In general, 1,076,756,359 sequence reads were collected from 32 samples, with a range of 5,495,047 to 83,300,086 and an average of 33,648,636 reads. The total number of viruses from all samples was 4,078,840, with an average of 127,463 viruses per sample. Following a 10% prevalence and reads count 2 > filtration, 106 virus types were recovered and assigned to nine phyla, eleven class, eleven order, fourteen families, twenty-seven genera, and thirty four known species.
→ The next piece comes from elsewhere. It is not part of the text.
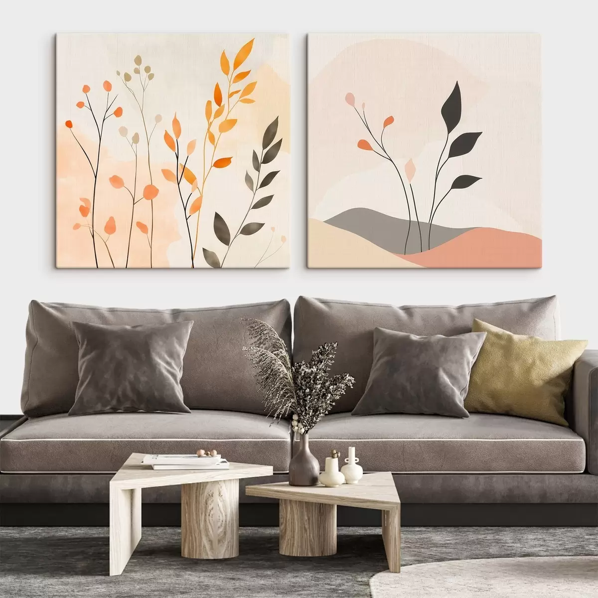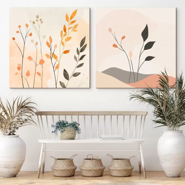 Quadri Dittico floreale dai caldi toni beige-corallo con linee grafiche in stile minimalista Nr m30363

All samples had achieved a plateau, as indicated by the rarefaction curves. All samples have greater than 99.97% Good’s coverage Peploviricota and incertae sedis were the most common phyla in both groups, (HCs: 49 and 47%, NDs: 39 and 31%, respectively). NDs profiled with 9.33% Duplornaviricota, while HCs had only 0.03% of this phylum in their profile. Similarly, NDs profiled with 8% of Pisuviricota and 7.29% of Artverviricota, while these two phyla were 2 and 2.63% in HCs profile, respectively (Figure 1A). At family level, the interactive pie chart reveals that Polydnaviridae, Alloherpesviridae and Herpesviridae are the most abundant families in both groups (HCs: 48, 27, 21%; NDs: 31, 29,10%, respectively). Further, NDs profiled with 9.33% of Totiviridae and 8% Poxviridae, which were only 0.03 and 2% present in the HCs, respectively (Figure 1B). The threshold of the prevalence of genus and species in core virome was set at 20% of samples in each group, with a minimum abundance of 0.01%. NDs’ core virome had eight genera and nine species of taxa, while the HCs ‘s core virome included six genera and six species of taxa. Ichnovirus, Cyprinivirus, and Cytomegalovirus are the most prevalent in both groups, with 100% prevalence in both groups. NDs had a 100% prevalence of Totivirus, which is completely absent in HCs (Figure 1C). According to heatmaps of the dominant core virome at the species level, the most prevalent species are Glypta fumiferanae ichnovirus, Cyprinid herpesvirus 3, Cyprinid herpesvirus 1, Aotine betaherpesvirus 1, and Human endogenous retrovirus K in both groups. NDs showed 100% prevalence of Saccharomyces cerevisiae killer virus, 75% of Salmonella virus SP6 and 45% of murine osteosarcoma virus while, based on 20% prevalence cut off, these species are absent in HCs (Figure 1D).

Figure 1

Figure 1. Brain virome composition profiles and core brain virome. (A) Pie chart depicting the viral species distribution at the phylum level in HCs and NDs. (B) Pie chart illustrating the family-level distribution of viral species in HCs and NDs. (C) Heatmap of the core virome of HCs and NDs at the genus level. (D) Heatmap of the core virome of HCs and NDs at the species level.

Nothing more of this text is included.